Lauren left the DA and went to work at Equality Now, a global human rights organization for gender equity, as a Director handling their US trafficking cases. From there, Lauren worked at Sanctuaries for Families, focusing on local trafficking.
Lauren recognized that there was great work being done all over the US in direct services, the policy front, messaging, shaping laws and prosecuting gender violence. However, no one was bringing the work together to leverage partnerships, to be efficient and impactful. In October of 2016, World Without Exploitation (WorldWE) was launched to develop a national coalition of organizations to combat violence and sexual exploitation.
To date, WorldWE has 120 organizations from around the country working together to combat human trafficking and sexual exploitation. They are working on many fronts, including the policy front. WorldWE brought people together on January 11th, 2018 with 100 key leaders and partners, including many survivors, to the Hill to lobby for PassSESTA (Stop Enabling Sex Trafficking Act).

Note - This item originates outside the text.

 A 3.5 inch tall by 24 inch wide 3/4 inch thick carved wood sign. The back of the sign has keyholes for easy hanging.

WorldWE is also working on the communications front. They work with the Voices and Faces Project to help them ‘market the movements’ to effectively communicate messaging around these complex issues. WorldWE has an extraordinary survivor leadership team that guides their perspectives on communication, policy and legislation. The survivors guide their work on every level.

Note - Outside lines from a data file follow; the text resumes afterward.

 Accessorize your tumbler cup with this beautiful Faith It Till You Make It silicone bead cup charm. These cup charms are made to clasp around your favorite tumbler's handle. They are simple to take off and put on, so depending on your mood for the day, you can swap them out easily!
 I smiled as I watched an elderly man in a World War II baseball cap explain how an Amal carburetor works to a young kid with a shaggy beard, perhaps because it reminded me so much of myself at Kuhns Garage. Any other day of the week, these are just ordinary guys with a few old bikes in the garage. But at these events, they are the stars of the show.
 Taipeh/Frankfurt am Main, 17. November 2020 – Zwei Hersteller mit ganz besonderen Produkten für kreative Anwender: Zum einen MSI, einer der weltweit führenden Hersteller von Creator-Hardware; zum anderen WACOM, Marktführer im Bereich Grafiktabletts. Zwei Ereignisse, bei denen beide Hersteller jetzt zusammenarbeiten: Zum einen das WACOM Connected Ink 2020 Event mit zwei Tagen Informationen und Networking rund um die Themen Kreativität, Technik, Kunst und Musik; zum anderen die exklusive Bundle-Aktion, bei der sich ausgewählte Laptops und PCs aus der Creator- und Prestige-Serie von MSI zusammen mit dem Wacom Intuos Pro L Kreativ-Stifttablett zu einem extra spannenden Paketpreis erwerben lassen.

WorldWE connects the dots on these issues, with messaging that sexual violence and trafficking does not happen in a silo, but in a culture that normalizes this kind of behavior. This includes the early messages that our children get in the media, online, in classrooms and on playgrounds.

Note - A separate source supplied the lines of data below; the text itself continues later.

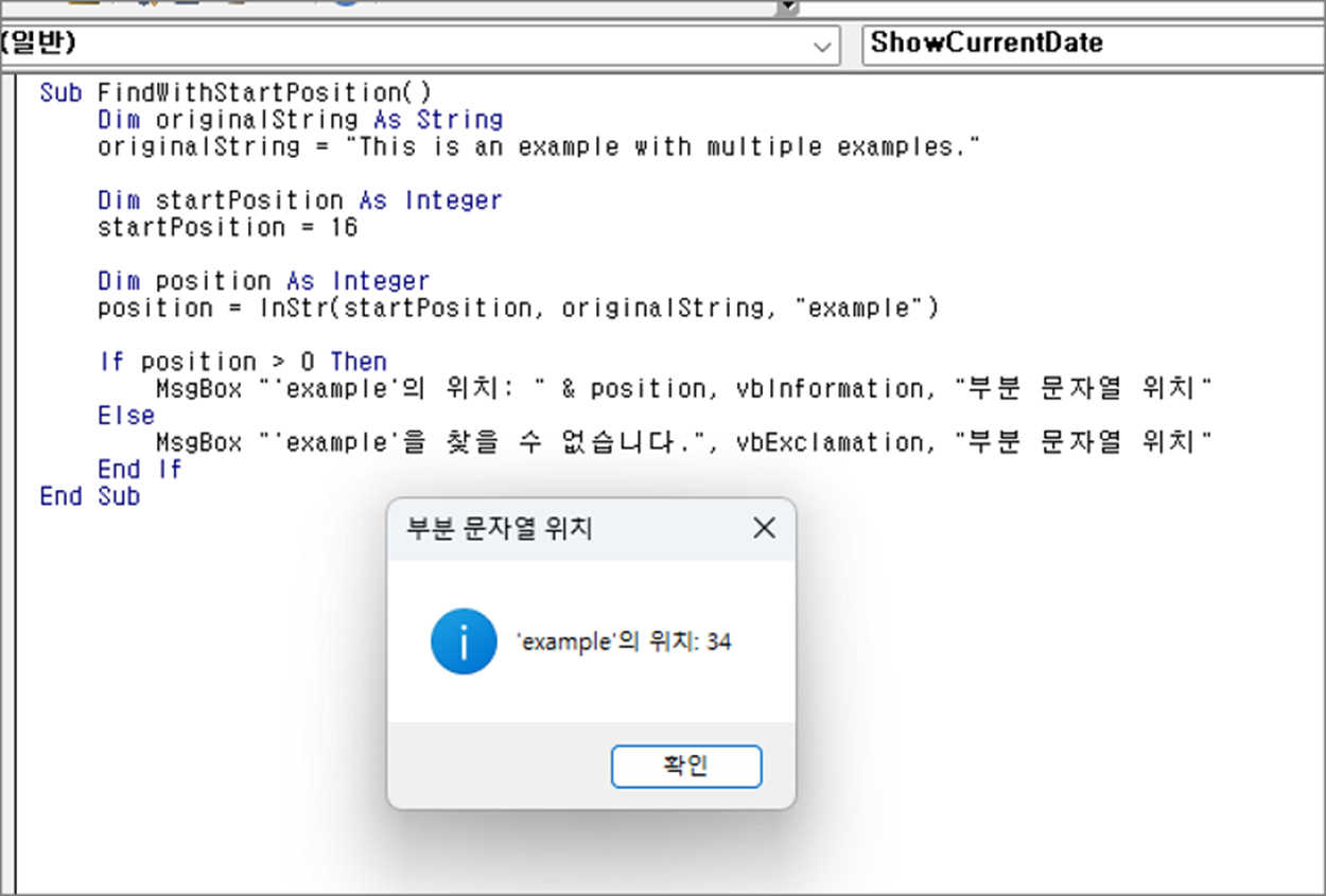 MsgBox "'example'의 위치: " & position, vbInformation, "부분 문자열 위치"
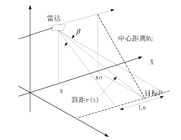 在合成孔径Ts = Ls / v 这段时间内,fd 随时间呈线性变化。故可以将方位向的回波多普勒信号看作是脉宽为Ts 、多普勒中心频率为0、调频率为
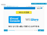 Wii用ソフトはそのまま利用可能。Wii UをWiiモードに切り替えて起動する。WiiにダウンロードしたバーチャルコンソールやWiiウェア、追加コンテンツ等は、Wii Uに引っ越し手続きをすることで使用できる。
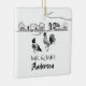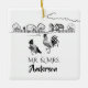 This Mr. & Mrs. First Christmas ornament features two chickens in love. This rooster and hen are eating and strutting about in front of a charming line drawing country farm. It can be personalised with a surname, year or any text that you wish to add. Thanks for stopping by!

Lauren says it is so essential that the current #MeToo movement move into the mainstream. This is the time to seize this collective desire to act and change. The message has to be clear that its not just about these celebrities, “we all have to do our part for long lasting change.”
People are craving information and asking questions, like, what can I do? Lauren suggested many ways people can act. You can go to your place of work and ask if there are clear, concrete and progressive policies about sexual harassment, or go to your schools and ask if there are educational programs for students, call Congress and urge your representative to vote for SESTA and hold web sites accountable.
Personally, Lauren is leading many workshops with young people to educate boys and girls from elementary school to college; about social media and gaming sites for the youngest ones, to pornography and solicitation for the older students. It is important to discuss the inherent inequality in the system, those who are purchasing sex and those who are being purchased, recognizing the inequality between gender, race and class.
Recently, WorldWE created a powerful PSA on SESTA with celebrities Amy Schumer, Seth Meyers and others as a communal call for action and to create awareness about sex trafficking, #I am Jane Doe.
Lauren says its critical to look at this online culture. Girls are being preyed upon by mainstream social media like Snap Chat, Twitter, Instagram and Facebook. We need to heighten awareness that this is how exploiters are reaching young people. Online exploitation has shifted the menace from the street to peoples’ homes, recruiting and trafficking the sales of boys and girls, young women and men.
Lauren explains, we can’t just be concerned about children and not young adults. She said its vital that we recognize that once children reach the age of 18, exploitation continues and they need our advocacy and support as well.
Lauren emphasized, we can’t do this work without the survivors’ voices. They are the ones who will inform us about what is going to work and help and what isn’t. It is a mistake to just listen to survivors to hear their stories; we must have them at the helm of the actions we seek to make to create change.